Skill of the Craft

One of the skills learned by technical writers and trainers is the concept of a target audience. Target audiences might posses certain skills or presumed to have no related skills at all.

In many professions and vocations this presumed minimum knowledge level is known as “skill of the craft.” Such people are presumed to know certain things. For example, writing a how-to or procedure for an electronics technician presumes skills in using certain test equipment. Specific instructions about using test equipment often are not provided nor deemed necessary. The targeted audience of users are presumed to have these skills.

Even with specialized equipment in which additional training is required, specific instructions about that equipment usually are minimal because the technicians performing related tasks often are presumed to have obtained that training to perform those tasks.

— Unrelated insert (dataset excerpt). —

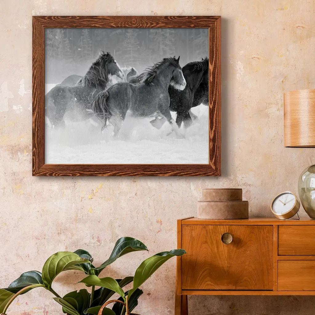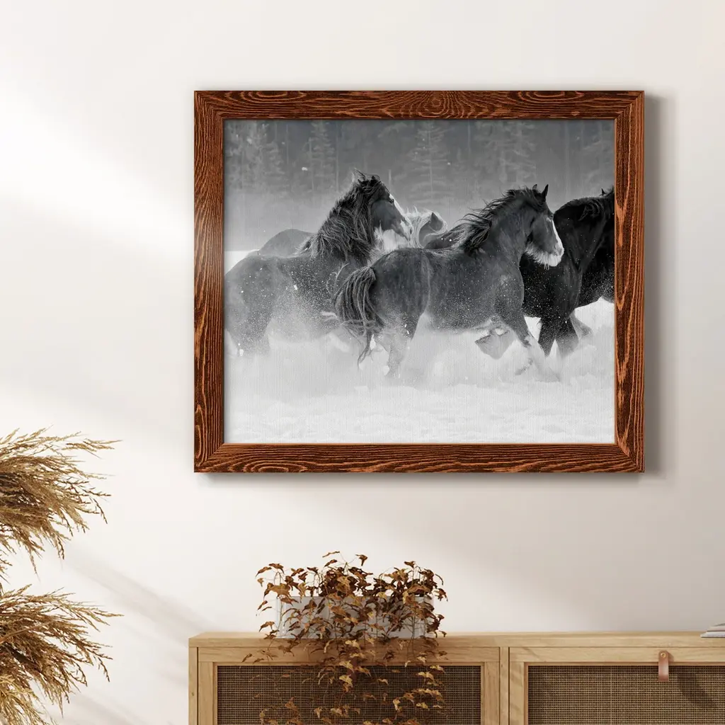 Winter Roundup I-Premium Framed Canvas - Ready to Hang Framed in distressed wood and available in an array of sizes and colors Each piece is joined and assembled by hand and comes ready to hang FRAMED CANVAS GICLEE READY TO HANG MADE IN THE USA SOLID WOOD FRAME MADE IN USA FADE RESISTANT GICLEE PRINTING on Canvas

Writing for a general target audience presumes no skills at all. Often that means more verbosity with instructions and guidance. With software that also means discoverability. That is, users should be able to discover how to perform specific tasks based on well designed interfaces.

More often than not, distro maintainers and desktop developers do not abide by this simple focus. The target audience is almost always fellow geeks. Usability testing is limited to fellow geeks in some IRC channel.

The “skill of the craft” of users, that is the skill level of all users, are presumed to be skilled computer users. To be terminal users.

This is another reason Linux desktops continually fail to impress non technical users.